The interesting finding was that other successful, stable religions had no mixed benefits: world views  (morality) were either win-win (+ for self & + for others) or lose-lose (- for self & - for others). Indeed a Templeton conference on the topic found that leading scholars from the major world religions said that their religions' beliefs did not meet classical definition of altruism: altruistic actions were, in effect, transactional (albeit often on a supernatural plane for future imagined rewards).

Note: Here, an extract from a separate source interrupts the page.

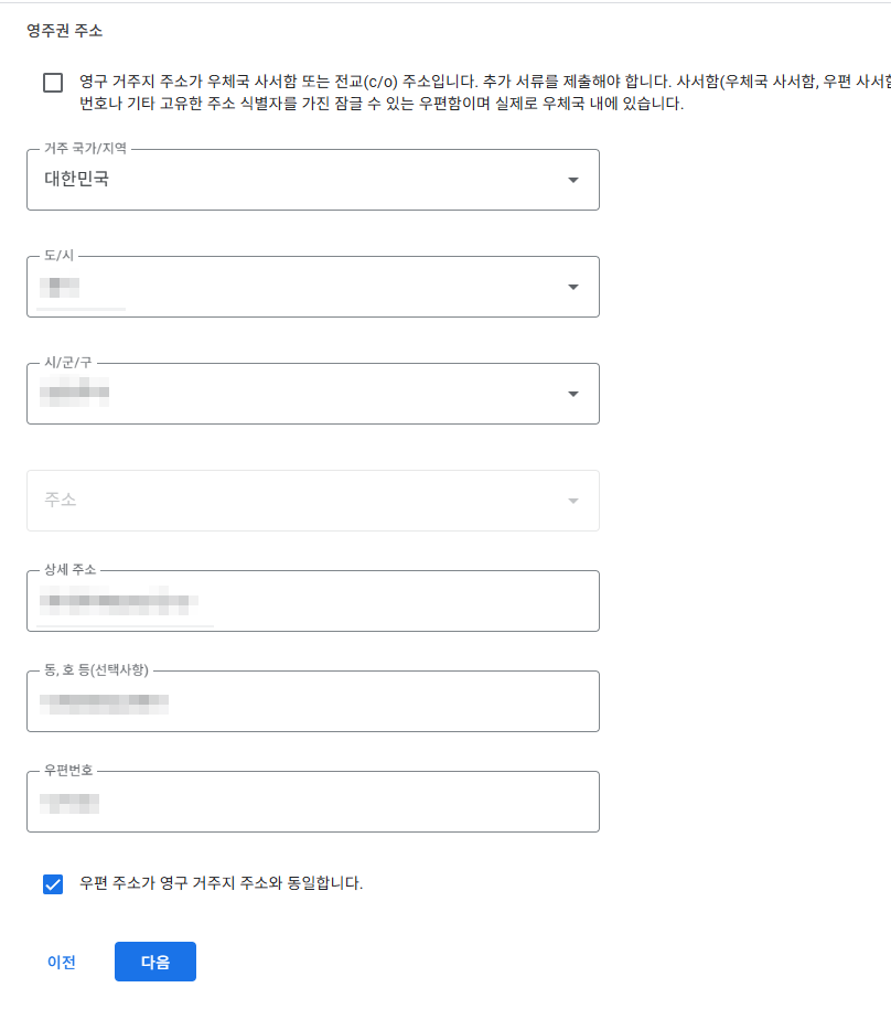 - 우편주소가 영구 거주지 주소와 동일합니다에 체크

Wilson then applied his matrix to homo economics.  For poetic justice, he used Ayn Rand's philosophy of self-interest.  Luckily, not all pointed comedy sacrifices validity. Rand's quasi-religious tenets match quasi-religious expositions of Amway and other similar self-interest-as-good organizations.  This includes the cut-throat world of self-justifying Wall street finance.  Here's what Wilson found via a textual analysis of Atlas Shrugged:


effectonself
effect
-
+
on
+
egoism
honesty
independence
logic
pride
rational self-interest
self-esteem
selfishness
others
-
altruism
collective
faith
self-denial
unselfishness
blind desires
hedonism
irrational values

Table 2: Randian "self-interested" groups

A similar black & white solution emerged.   Wilson explains this with a functional analysis.
Most enduring religions are functionally similar in their ability to create highly motivated and well-organized groups - but the proximate mechanisms that evolve in any particular case are hugely variable... 
An adaptive worldview has two requirements.  First, it must be highly motivating psychologically.  Ideally, it should cause people to rise out of bed every morning brimming with purpose. Second, the actions motivated by the wolrdview must outcompete the actions motivated by other world views. - p. 86
Mixed solutions are unstable because they have lower relative fitness: they are either not motivating & hence don't succeed in the between-group selection world, or they are too costly & hence don't succeed in the within-group selection world.  In other words, mixed cases don't thread the eye of the multi-level selection needle*.  



MIXING
Let's take Wilson's findings at face value and assume both the classical religious (table 1) and Randian (table 2) position are different proximate solutions to the same ultimate functional problem  -group coordination in the context of between-group & within-group selective tension.  Of course, there can be an infinite number of proximate solutions to any ultimate problem.  However, in terms of highly moral systems, Wilson's empiricism (which certainly isn't a census of possibilities) has only provided two.  

We'll go with what we have.  To compensate for this first source of potential error, well 'd our best to accommodate some looseness as we build up our structure.  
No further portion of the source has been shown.